As a U.S. not-for-profit corporation, what we do to protect your personal information is governed by various U.S. regulations, including but not limited to the Higher Education Opportunity Act of 2008 (and its reauthorizations), the Family Educational Rights and Privacy Act (FERPA), the Health Insurance Portability and Accountability Act of 1996 (HIPAA), the Gramm-Leach-Bliley Act (GLBA) & FTC Safeguards Rule, and PCI DSS guidelines as established by major credit/debit card companies.
Wooster’s Basis for Collecting Your Information
[what is our “lawful use” for collection?]
The College of Wooster is a not-for-profit, private, residential higher education institution that fulfills its educational purpose through the activities of education, research, student development, community service, and advancement/development. To fulfill and support our educational purpose, it is essential and necessary to collect, process, use, and maintain data about our students and parents/guardians if applicable, employees, applicants, research subjects, and others involved in our educational, research, and community programs (this is what’s termed our “lawful base” for collecting and processing information as defined in specific privacy regulations).
Our bases for collecting and processing your Personal Information (PI) and Sensitive Personal Information (SPI) most often will fall under the following categories:
- You have given us consent to process your information for one or more specific purposes.
- It is necessary for performance of a contract (to fulfill our responsibility to provide educational and related services to you and other current and former students and graduates, or to fulfill research grants and contracts).
- It is necessary for compliance with our legal obligations, such as meeting regulatory requirements, assisting with investigations carried out by responsible authorities.
- It is necessary to protect your “vital interests,” for example, for emergency medical purposes, or to protect you or another person.
- It is necessary for performance of a task carried out in public interest or exercise of official authority (e.g., paying required taxes, reporting crimes, public health).
- It is necessary for our or third parties’ legitimate interests in fulfilling our “lawful base” activities which include carrying out the College’s mission, its strategic plans, and its policies; to fundraise; and for constituent engagement.
Typical activities included in our “lawful base” include: admission; financial aid; registration; delivery of classroom, field, off-campus, and other experiential education and related educational support services; research; grading and assessment; residential life; student organizations, activities, and athletics; provision of wellness services to students; campus safety; communications; employment; program analysis for improvements; advancement/development; records retention; and information technology services and security.
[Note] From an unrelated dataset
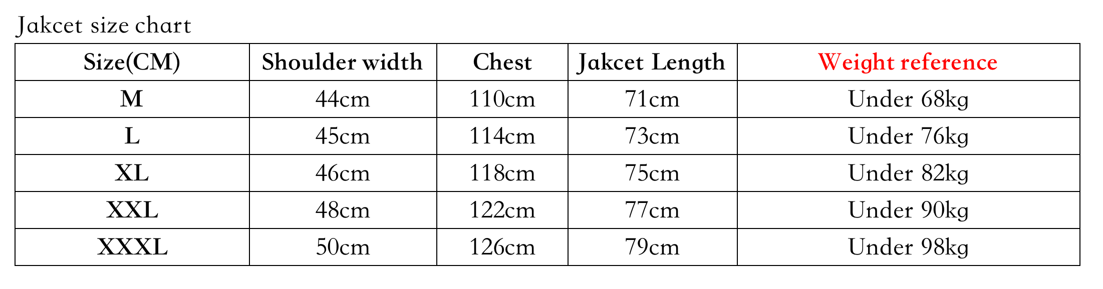 Please note that our size chart is based on the measurements of the clothes, not your body. For men's clothes, We recommend that you find one of your suit tops to measure. Or choose the size based on height and weight.

How We Get Your Personal Information
We receive PI and SPI from multiple sources. Most often, we obtain this data directly from you or from a third-party you have authorized to share the data (for example, application to Wooster through the Common Application, submittal of test scores through the College Board or ACT, or submitting your credentials for employment through a service such as Interfolio or Hirezon). We may also collect this data:
- when you complete enrollment, “new student,” and/or “new employee” forms and documents.
- when you apply for financial aid.
- when you register for courses.
- when you apply for internships, fellowships, research experiences, etc.
- in your activities as a student at Wooster.
- when you communicate with us by telephone, email, or via our website.
- from individuals and employers who you have asked to provide references for you.
- through disciplinary and grievance procedures.
- when you use campus services, such as the Wellness Center, Libraries, Learning Center, Information Technology resources.
- when you apply for employment.
- when you participate in research, surveys, or other feedback mechanisms.
- when you access our webpages (in the form of “cookies” or the IP address of your device).
- through our Advancement/Development activities.
- through other activities relating to our “lawful uses” of your information.
Types of PI and SPI that We Collect and Why
We may use the PI and SPI data to meet one or more of our “lawful bases.” Most often the data is used for academic admissions, enrollment, educational programs, employment, providing wellness services, participation in research, advancement and development, and community outreach.
Examples of the PI and SPI we may collect about you include:
- Name, biographical, and address information
- Ethnicity, race, and citizenship
- Education and employment history, including the courses you have completed, dates of study, and examination results
- Academic and extracurricular interests
- Records related to your use of our facilities and services
- Photographs from events and video footage
- Information about your involvement as a student, alumnus/ae, parent, donor including activities and awards
- Financial information including tuition, fees, donations, scholarships, individual or family income, etc.
- Information about your family or personal circumstances if required to provide services to meet our “lawful bases”
- Information about your health, medical conditions, disabilities, and accommodation needs (we will not collect this information without your consent)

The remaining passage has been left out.